# How do you find the vertical asymptotes and holes of f(x)=(x+2)/(x^2+3x-4)?

Nov 17, 2016

vertical asymptotes at x = - 4 and x = 1
horizontal asymptote at y = 0

#### Explanation:

The denominator of f(x) cannot be zero as this would make f(x) undefined. Equating the denominator to zero and solving gives the values that x cannot be and if the numerator is non-zero for these values then they are vertical asymptotes.

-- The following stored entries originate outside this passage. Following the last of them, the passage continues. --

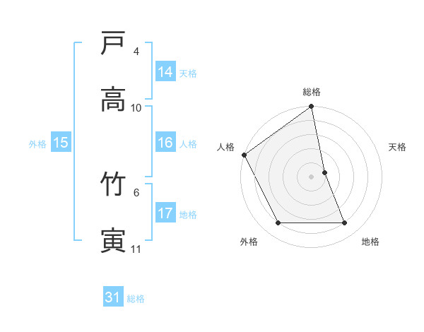 戸高 竹寅さんを姓名の画数から五運を鑑定
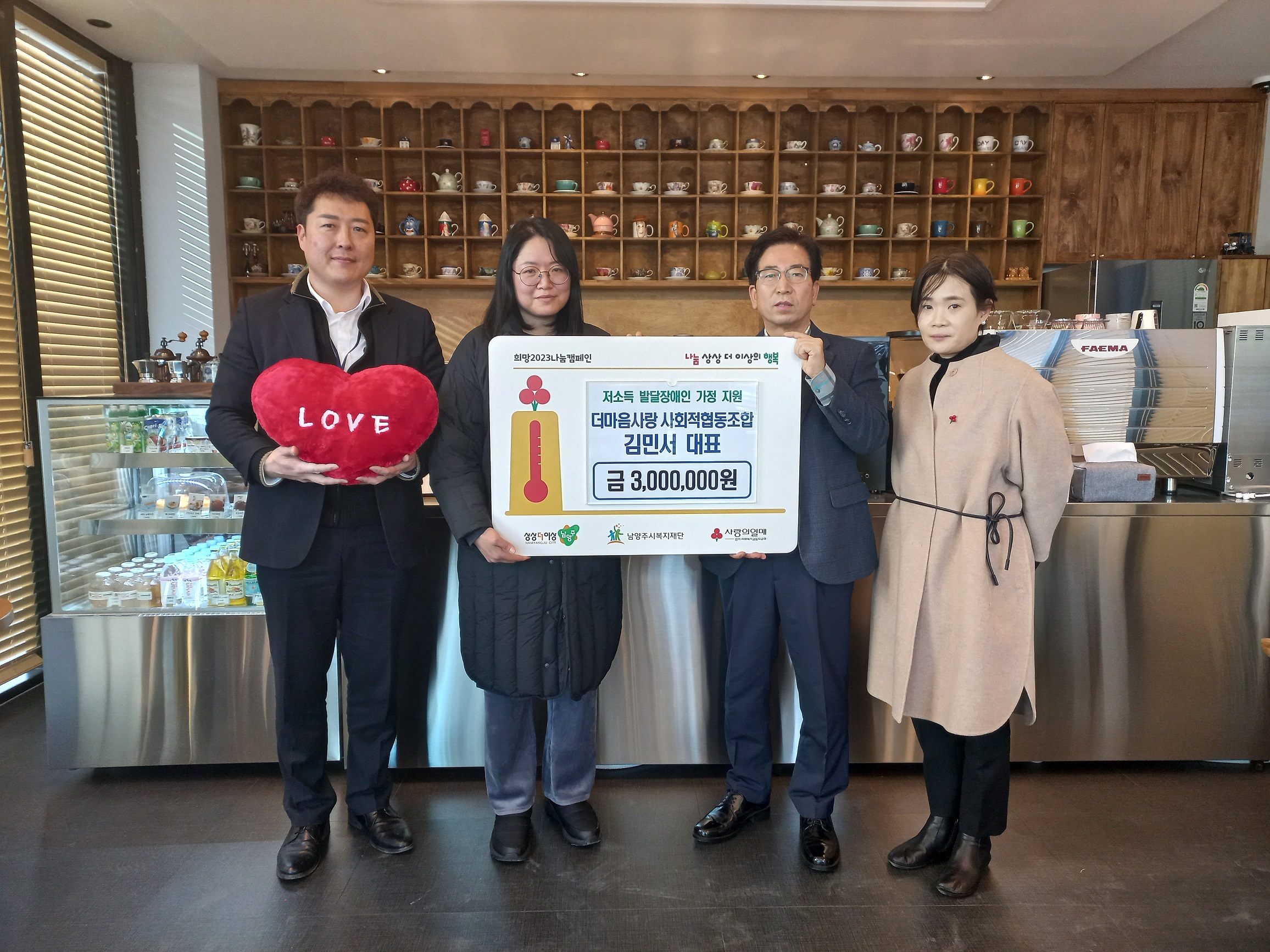 더마음사랑 사회적협동조합 | [연번] : 정보가 없습니다. | [일자] : 2022.12.14. 작성자 관리자 등록일자 2022년 12월 17일 12시 9분 38초 조회 467 ▷ 후원일자 : 2022년 12월 14일(수) ▷ 후원내용 : 발달장애인 가정 지원 위한 3백만원 기부 2022-12-14 더마음사랑 사회적협동조합 전달식.jpg [ Size : 2.31MB, Down : 264 ] 미리보기 다운로드 2022-12-14 더마음사랑 사회적협동조합 전달식 2.jpg [ Size : 1.21MB, Down : 247 ] 미리보기 다운로드 목록보기
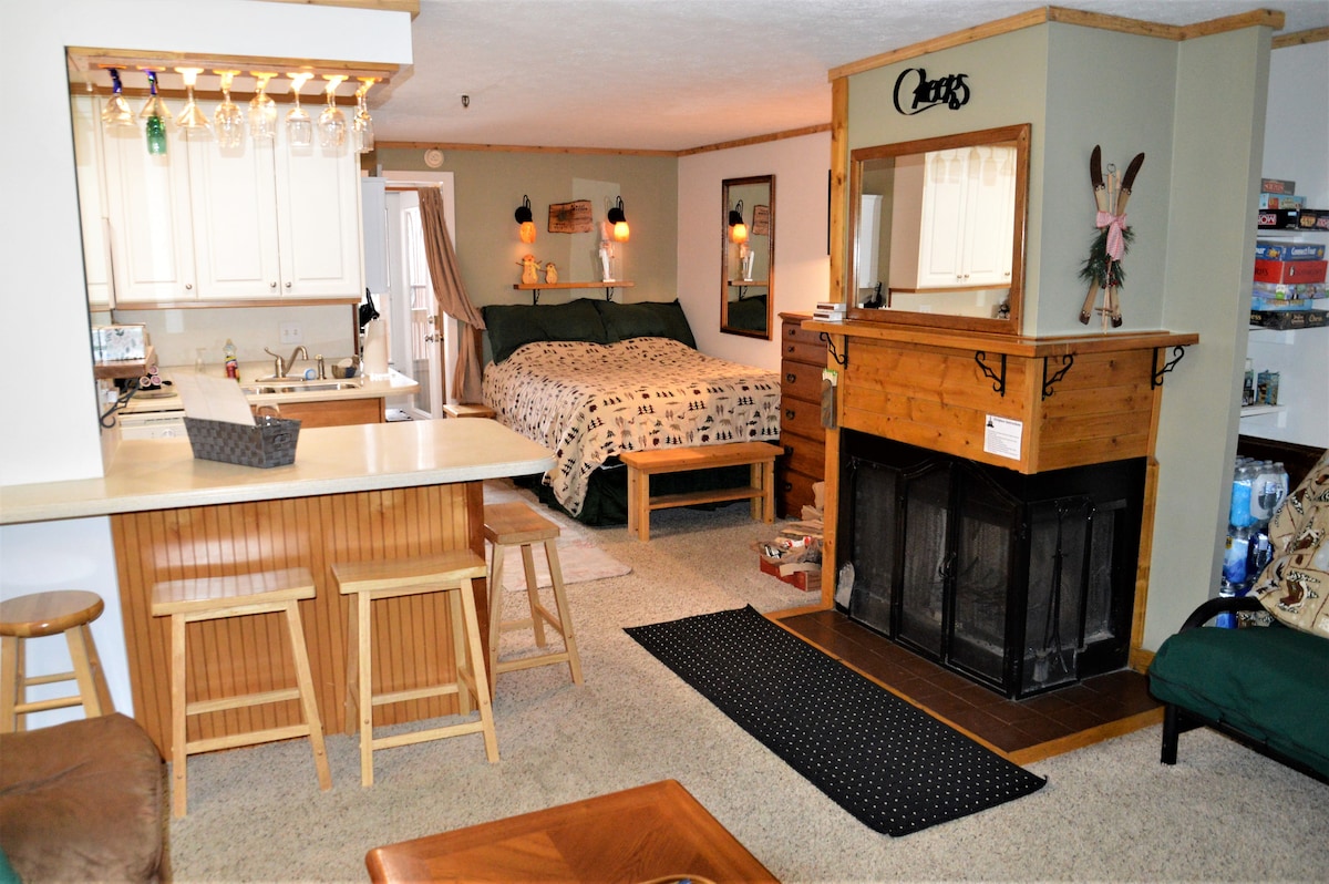 Stay here! In the coziest studio on the mountain, across from Powderidge slope/lift. Sleeps 4: queen bed + sleeper sofa (both with new foam mattresses), and a self-inflating air mattress, just in case. You'll have a full kitchen (with a Keurig and kcups), Roku streaming device, washer/dryer, a wood burning fireplace with FREE FIREWOOD (during ski season), and a balcony that backs up into a wooded area with plenty of deer to greet you. :)
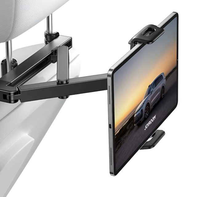 The extendable arm lets you adjust the viewing distance and angle with ease, so everyone can find their ideal position. Its smart folding design allows the holder to lay flat when not in use, keeping your car interior neat and safe. Built with a reinforced triangular structure and strong metal components, it stays firmly in place even on bumpy roads, giving you peace of mind throughout the ride.

solve : ${x}^{2} + 3 x - 4 = 0 \Rightarrow \left(x + 4\right) \left(x - 1\right) = 0$

$\Rightarrow x = - 4 \text{ and " x=1" are the asymptotes}$

Horizontal asymptotes occur as

${\lim}_{x \to \pm \infty} , f \left(x\right) \to \text{ c (a constant)}$

divide terms on numerator/denominator by the highest power of x, that is ${x}^{2}$

$f \left(x\right) = \frac{\frac{x}{x} ^ 2 + \frac{2}{x} ^ 2}{{x}^{2} / {x}^{2} + \frac{3 x}{x} ^ 2 - \frac{4}{x} ^ 2} = \frac{\frac{1}{x} + \frac{2}{x} ^ 2}{1 + \frac{3}{x} - \frac{4}{x} ^ 2}$

as $x \to \pm \infty , f \left(x\right) \to \frac{0 + 0}{1 + 0 - 0}$

$\Rightarrow y = 0 \text{ is the asymptote}$

Holes occur when there are duplicate factors on the numerator/denominator. This is not the case here hence f(x) has no holes.
graph{(x+2)/(x^2+3x-4) [-10, 10, -5, 5]}